Jeff's family has cancelled the annual family gathering. His dad called last night around ten to tell him. "Why?" I asked, almost shocked, once Jeff told me. Depends on who you ask, he replied. Apparently various family members are having some difficulties, and then there is the fact that Jeff's dad is dating, which may be causing some strain among the Alabama clan who feel it's a little too soon to be seemly. But most likely it's because the cousin of Jeff's who usually hosts the big family meal didn't feel as though she could go through with it this year without Jeff's mother. It would be too hard, too sad.

Well, fuck. I wish they had thought to ask the people who would be most affected by this decision, those folks being Jeff, his dad, and his brother, before calling it off. Jeff doesn't seem too upset by the development, but I think it might be a while before it sinks in. He was excited about going and seeing everyone. Yeah, it was going to be hard -- the last time we were there he saw his mother buried. But boy does he love his mother's family. So. I'm feeling very protective of him right now, but I know it's his issue to handle as he sees fit. We'll just...go someplace fabulous instead.

Work was intense today. I don't think I raised my head more than twice, once to eat lunch and once to put in my eye drops. Lately I'm feeling the need for some feedback. My boss isn't good at giving it. Am I doing ok? Better than ok? Worse? Do you love me, now that I can dance?

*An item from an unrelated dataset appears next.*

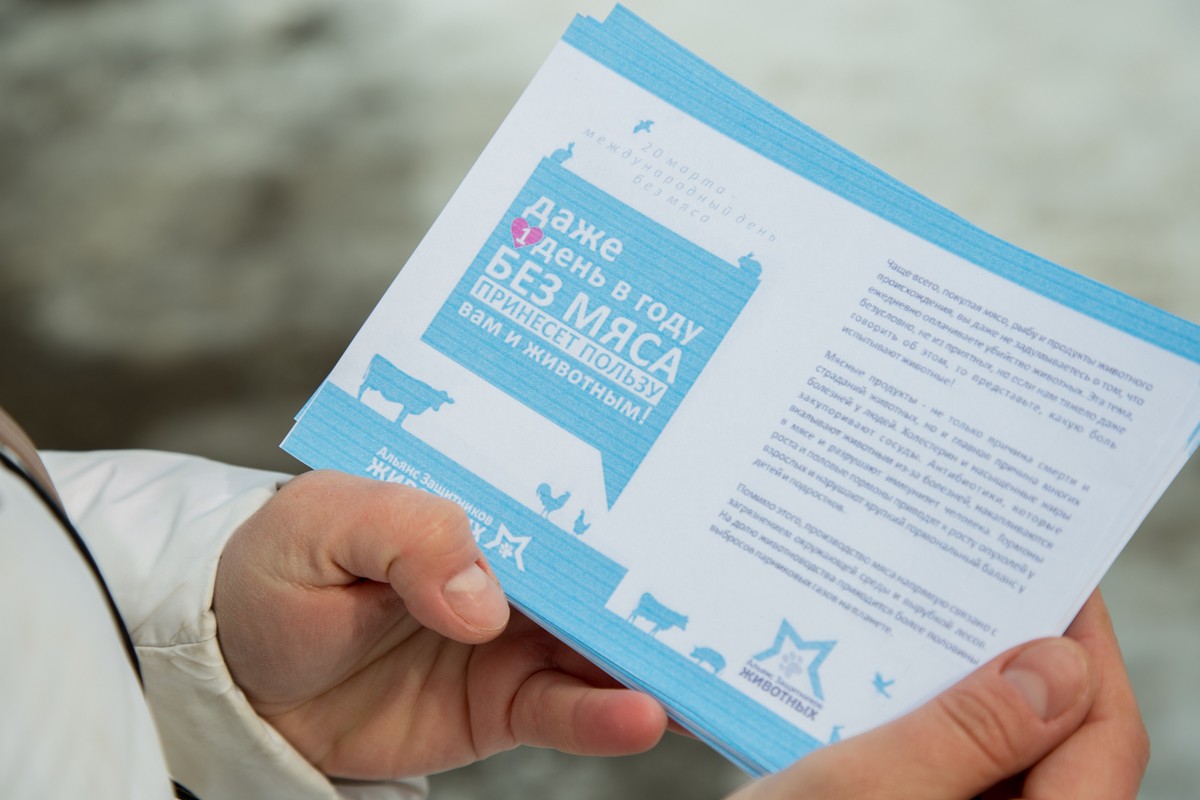 В ходе пикета всем прохожим были розданы брошюры, в которых собрана вся информация о Международном дне без мяса. А с некоторыми прохожими даже проводились дискуссии. Как отметили организаторы пикета, главная задача проведенного мероприятия - донести до каждого жителя республики, что даже 1 день без мяса принесет пользу животным.

Kate died, Andre lost, the Rangers whomped on the 'Stros, I'm drained and worried from dealing with D. and his breakdown, I think all four cats have yeasties in their ears, and there's a mightily disturbing photograph from Saturday's Times looking me in the eye -- a Liberian kid with a pink teddy bear backpack, sitting in the street, pointing a semi-automatic at the photographer, his mouth open in an angry-looking O. Inside, on page 3, is another photograph, this one of a man holding up a sign: Georg W. Bush We Ire Dying.

"We want troops to be here," said Muhammad S. Jalloh, 18. "Americans are our big brothers."

I think I'll feel better if I go and wash some dishes, then take a shower and read the book I've just started, The Chatham School Affair. Be good, book.